**What you should do:** The data below should be printed in full, exactly, and without any of its images.

**Information provided:**

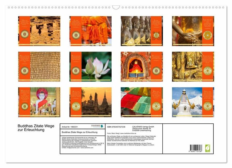 QUALITÄT - Hochwertiger Fotokalender mit 12 wunderschönen Motiven auf lichtbeständigem Bilderdruckpapier, robuste Spiralbindung mit Aufhängebügel.NACHHALTIG - deutliche Abfallreduzierung durch bedarfsgerechte Einzelstückfertigung, umweltfreundliches FSC-zertifiziertes Papier, Produktion in Deutschland, klimabewusste Logistik.PERFEKTES GESCHENK - Kalender für Freunde und Familie, für Kinder und Erwachsene, jung und alt, zu Weihnachten, Geburtstag oder zwischendurch.VIELFALT - Bildkalender in verschiedenen Formaten, z.B. DIN A5, DIN A4, DIN A3 sowie DIN A2. Ob Naturmotiv, Gemälde oder Fotos, ideal für ein persönliches Wohlfühlambiente.Buddhistische Weisheiten für alle Lebenslagen von Autor(in): Mario Weigt
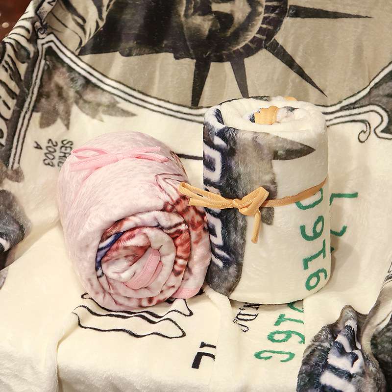 four seasons universal office nap blanket creative funny $sand carving bill blanket flannel air conditioning blanket 中文版
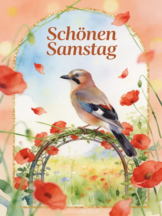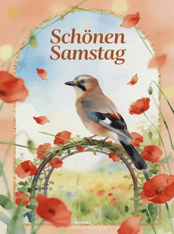 Teile einen farbenfrohen Gruß zum Samstag mit einer zarten Aquarellszene voller Mohnblumen und warmer Wiesenstimmung. Entdecke auch ein Schönen Samstag und schönes Wochenende animiertes GIF, ein Samstag schöner Tag Bild oder schönen samstag gif bilder.

**Output for this task:**
 QUALITÄT - Hochwertiger Fotokalender mit 12 wunderschönen Motiven auf lichtbeständigem Bilderdruckpapier, robuste Spiralbindung mit Aufhängebügel.NACHHALTIG - deutliche Abfallreduzierung durch bedarfsgerechte Einzelstückfertigung, umweltfreundliches FSC-zertifiziertes Papier, Produktion in Deutschland, klimabewusste Logistik.PERFEKTES GESCHENK - Kalender für Freunde und Familie, für Kinder und Erwachsene, jung und alt, zu Weihnachten, Geburtstag oder zwischendurch.VIELFALT - Bildkalender in verschiedenen Formaten, z.B. DIN A5, DIN A4, DIN A3 sowie DIN A2. Ob Naturmotiv, Gemälde oder Fotos, ideal für ein persönliches Wohlfühlambiente.Buddhistische Weisheiten für alle Lebenslagen von Autor(in): Mario Weigt
 four seasons universal office nap blanket creative funny $sand carving bill blanket flannel air conditioning blanket 中文版
 Teile einen farbenfrohen Gruß zum Samstag mit einer zarten Aquarellszene voller Mohnblumen und warmer Wiesenstimmung. Entdecke auch ein Schönen Samstag und schönes Wochenende animiertes GIF, ein Samstag schöner Tag Bild oder schönen samstag gif bilder.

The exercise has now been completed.